* Input for this task *
________
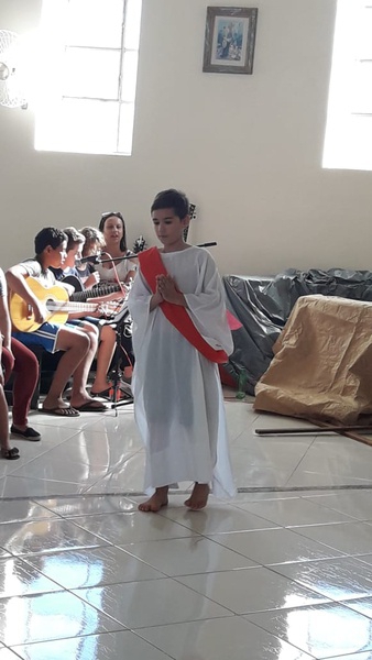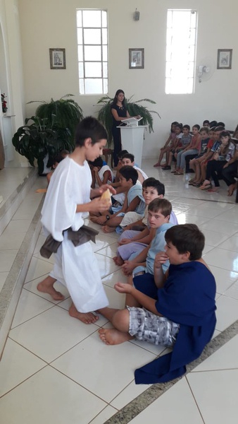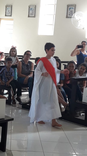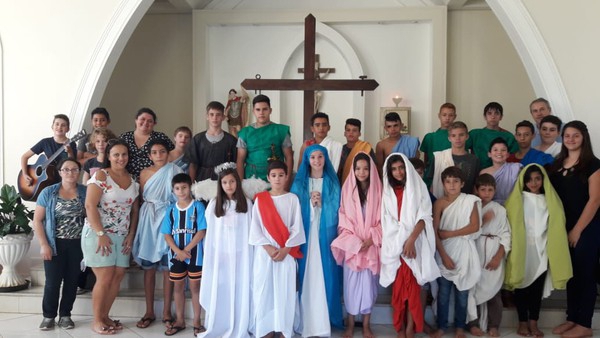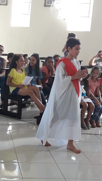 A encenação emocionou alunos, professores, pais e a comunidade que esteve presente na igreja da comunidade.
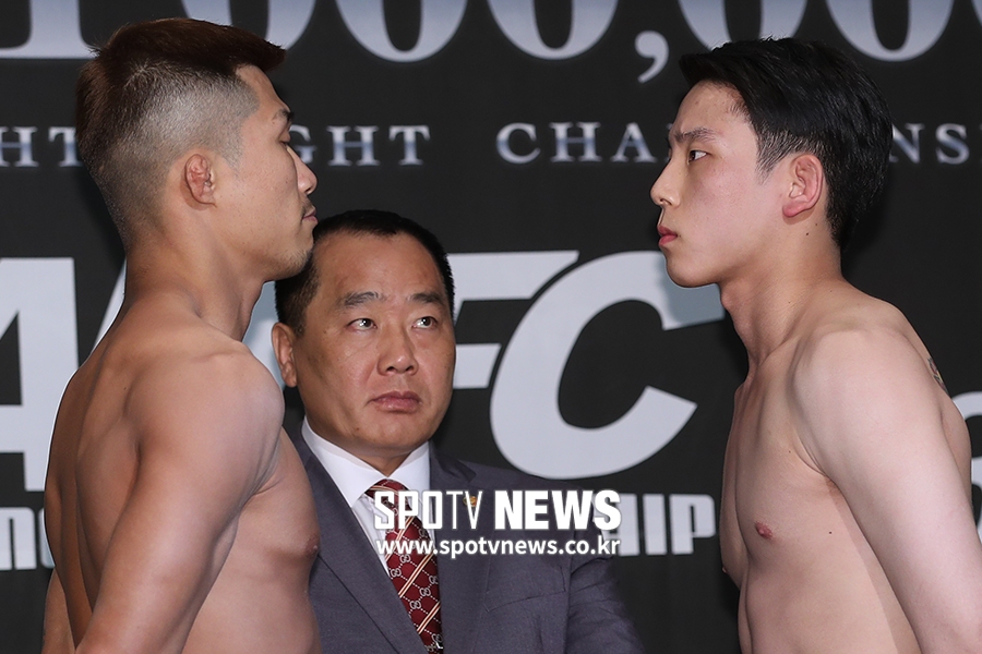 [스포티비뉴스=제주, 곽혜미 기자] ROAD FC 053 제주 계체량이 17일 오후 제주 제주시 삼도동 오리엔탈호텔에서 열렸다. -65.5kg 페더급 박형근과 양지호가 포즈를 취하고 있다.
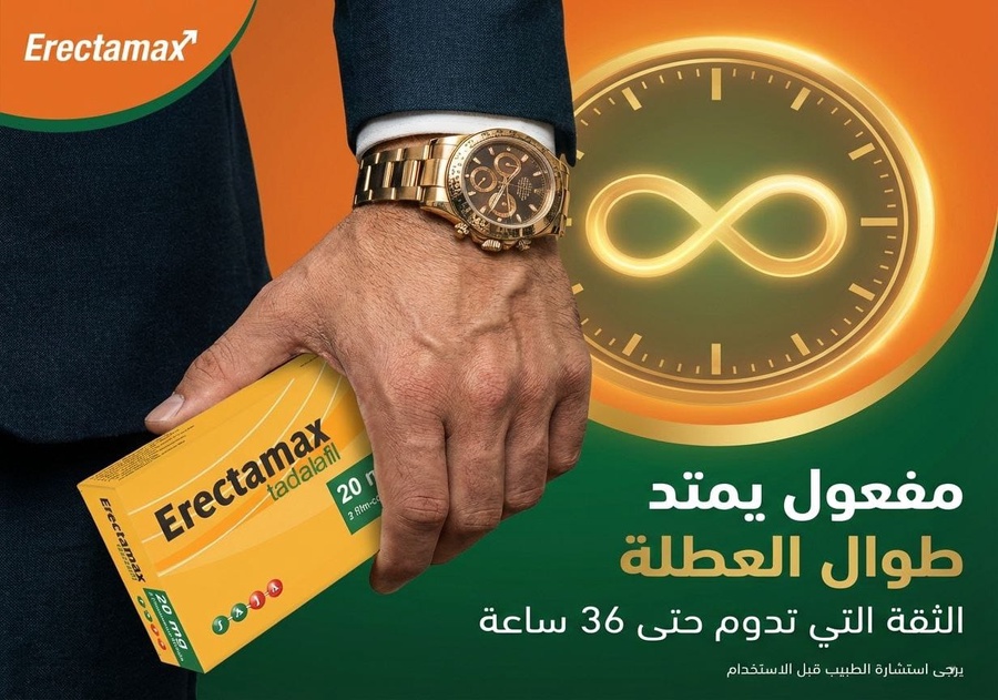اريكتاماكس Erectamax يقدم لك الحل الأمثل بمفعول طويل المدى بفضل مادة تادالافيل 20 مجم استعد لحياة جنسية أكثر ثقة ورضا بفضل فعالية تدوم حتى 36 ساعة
________
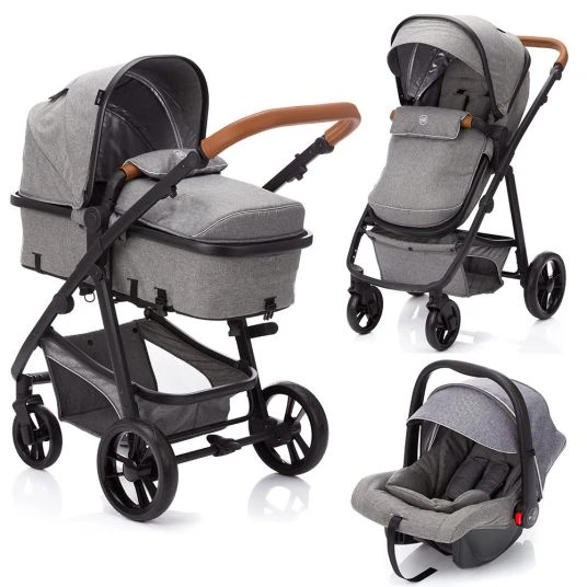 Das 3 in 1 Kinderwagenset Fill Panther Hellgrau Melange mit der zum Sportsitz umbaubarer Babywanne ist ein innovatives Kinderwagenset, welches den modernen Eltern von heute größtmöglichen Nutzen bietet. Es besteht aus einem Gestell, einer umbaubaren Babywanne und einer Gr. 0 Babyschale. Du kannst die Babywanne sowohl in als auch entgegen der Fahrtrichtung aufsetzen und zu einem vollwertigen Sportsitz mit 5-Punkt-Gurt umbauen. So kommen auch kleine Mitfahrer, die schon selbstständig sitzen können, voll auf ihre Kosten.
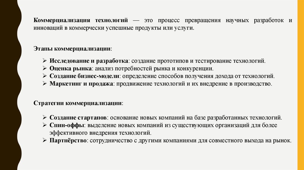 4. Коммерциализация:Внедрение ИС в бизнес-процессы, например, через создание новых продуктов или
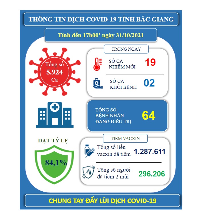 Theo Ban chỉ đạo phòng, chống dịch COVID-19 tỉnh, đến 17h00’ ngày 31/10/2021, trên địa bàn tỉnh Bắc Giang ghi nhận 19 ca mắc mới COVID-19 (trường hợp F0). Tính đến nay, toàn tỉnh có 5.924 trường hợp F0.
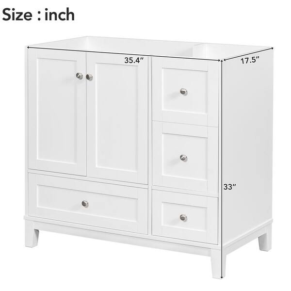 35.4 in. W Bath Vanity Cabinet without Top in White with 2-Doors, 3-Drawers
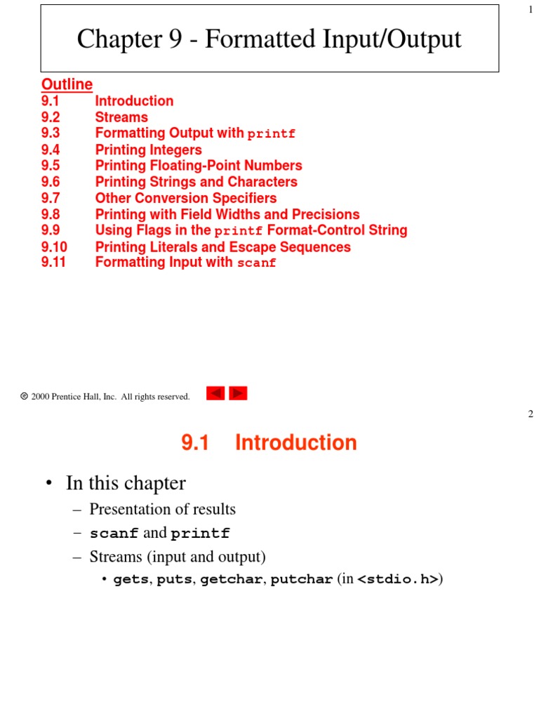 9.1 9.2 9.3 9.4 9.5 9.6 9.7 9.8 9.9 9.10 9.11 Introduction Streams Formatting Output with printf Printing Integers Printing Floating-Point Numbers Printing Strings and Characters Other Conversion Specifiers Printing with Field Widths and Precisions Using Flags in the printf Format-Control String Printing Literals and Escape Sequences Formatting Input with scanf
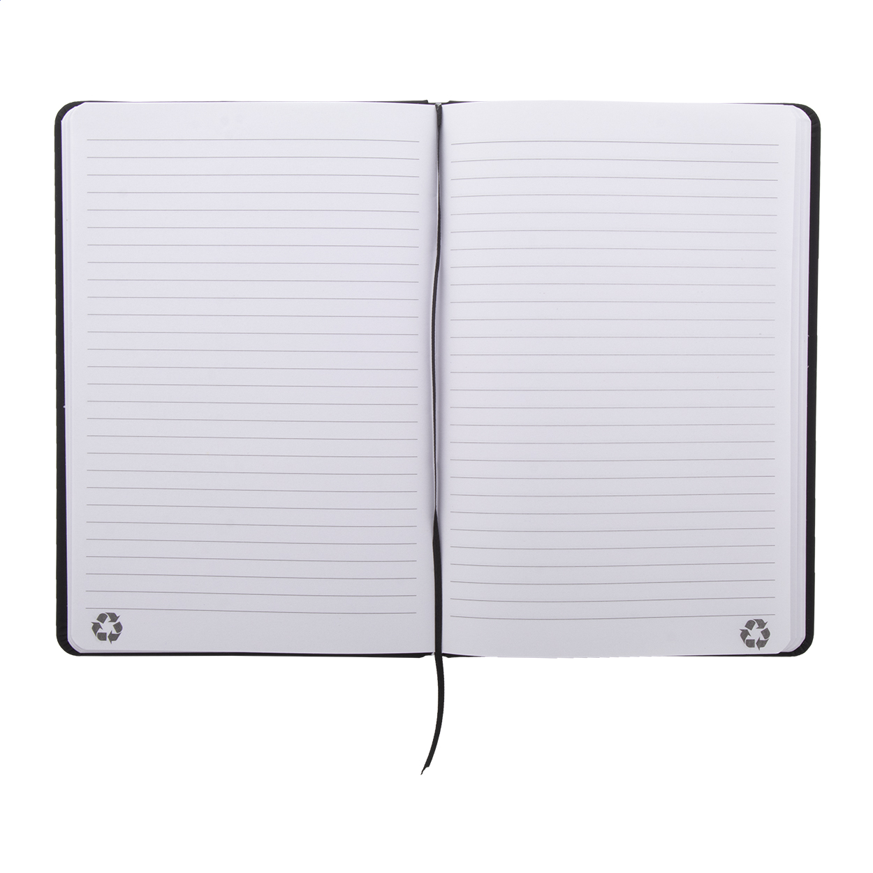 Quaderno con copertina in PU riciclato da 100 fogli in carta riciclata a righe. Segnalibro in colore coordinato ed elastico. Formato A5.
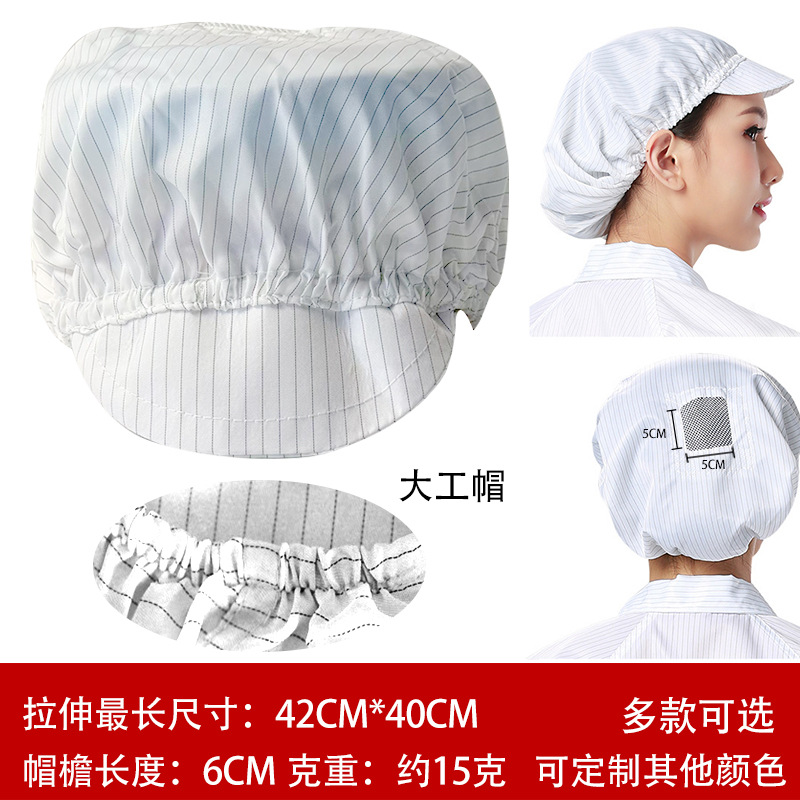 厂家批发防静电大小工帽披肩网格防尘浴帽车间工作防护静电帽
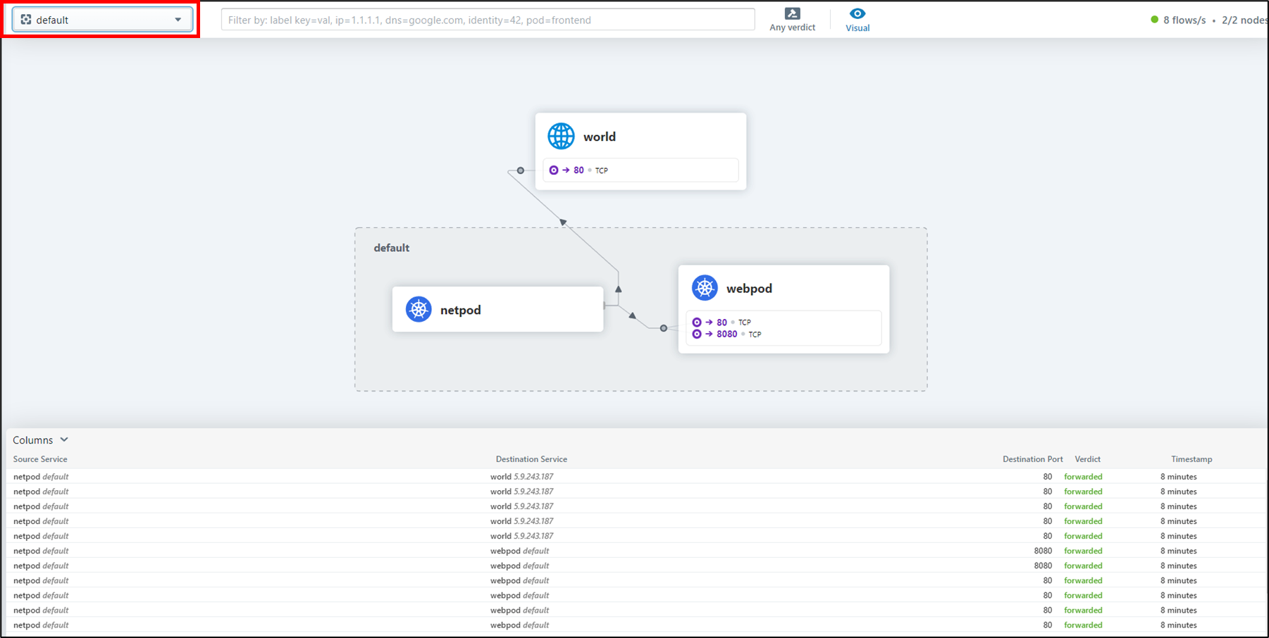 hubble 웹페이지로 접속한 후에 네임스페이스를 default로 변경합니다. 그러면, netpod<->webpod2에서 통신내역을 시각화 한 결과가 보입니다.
________
* What you need to do *
Restate the lines above from the one containing "Quaderno con copertina" through the one containing "hubble 웹페이지로 접속한", inclusive, exactly and without pictures.

* Your solution *
 Quaderno con copertina in PU riciclato da 100 fogli in carta riciclata a righe. Segnalibro in colore coordinato ed elastico. Formato A5.
 厂家批发防静电大小工帽披肩网格防尘浴帽车间工作防护静电帽
 hubble 웹페이지로 접속한 후에 네임스페이스를 default로 변경합니다. 그러면, netpod<->webpod2에서 통신내역을 시각화 한 결과가 보입니다.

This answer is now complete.